The Jones case harks back to that of his friend, Jimi Hendrix, who died in London a year after being “drowned in red wine,” according to the coroner. In 1993, the case was reopened by Scotland Yard as a possible homicide only to be reclosed months later due to insufficient evidence.

Similar mysteries surround other deceased stars, notably Kurt Cobain and, now, Michael Jackson.

Strangely, many had predicted early ends for themselves. Like Jones, both Hendrix and Cobain (as well as Morrison and Janis) died at age 27. Once Jones, while tripping on acid, was told by his bandmate, Keith Richards: “You’ll never make thirty, man.” Brian replied: “I know.” Not long before, when the guitarist saw a goat being led to slaughter in Morocco, he had cried, “That’s ME!” The Stones laughed and agreed.

In her autobiography, Jagger’s ex-lover, Marianne Faithfull, related how he and and Keith had "a real vendetta,” against Brian, and "unmercifully taunted" him. Guitarist Ry Cooder observed the same thing during the Let It Bleed sessions, two months before the drowning. “Jagger was always very contemptuous of Brian and told him he was washed up,” he recalled.
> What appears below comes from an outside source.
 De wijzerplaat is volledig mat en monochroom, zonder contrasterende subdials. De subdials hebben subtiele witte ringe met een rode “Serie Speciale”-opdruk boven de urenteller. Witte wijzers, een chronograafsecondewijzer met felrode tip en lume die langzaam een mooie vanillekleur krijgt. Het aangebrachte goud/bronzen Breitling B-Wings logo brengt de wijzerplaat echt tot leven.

While the singer later conceded that he had been hard on his hypersensitive, drugged-out bandmate, he declared, “We carried Brian for quite a long time. We put up with his tirades and his not turning up for over a year.”
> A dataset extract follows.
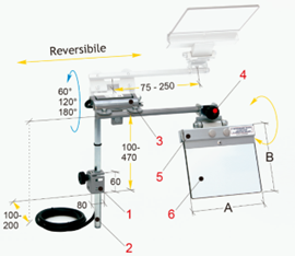 4. Braçadeira articulada para o ajuste horizontal e vertical da proteção.

At last the Stones traveled to Brian’s Cotchford Farm, the former residence of Winnie-the-Pooh’s A.A. Milne, and fired him. “I felt sorry for him,” drummer Charlie Watts later wrote. “We took his one thing away, which was being in a band. I’m sure it nearly killed him when we sacked him.”

Charlie and bassist Bill Wyman were the only Stones to attend his funeral weeks later.

Brian Jones’s death by drowning was hauntingly uncanny. Days after the sacking, Mick and Marianne threw the I-Ching to see what the future might hold for him. “Death by water,” came up. The prophecy was repeated on a second throw.

Perhaps this reminded Jagger of an incident the year before at Richards’s country estate. Freaked over the possibility of jail time for his most recent drug bust, Brian plunged into Keith’s moat, screaming that he was going to kill himself. Keith laughed while Mick dove into the water after him.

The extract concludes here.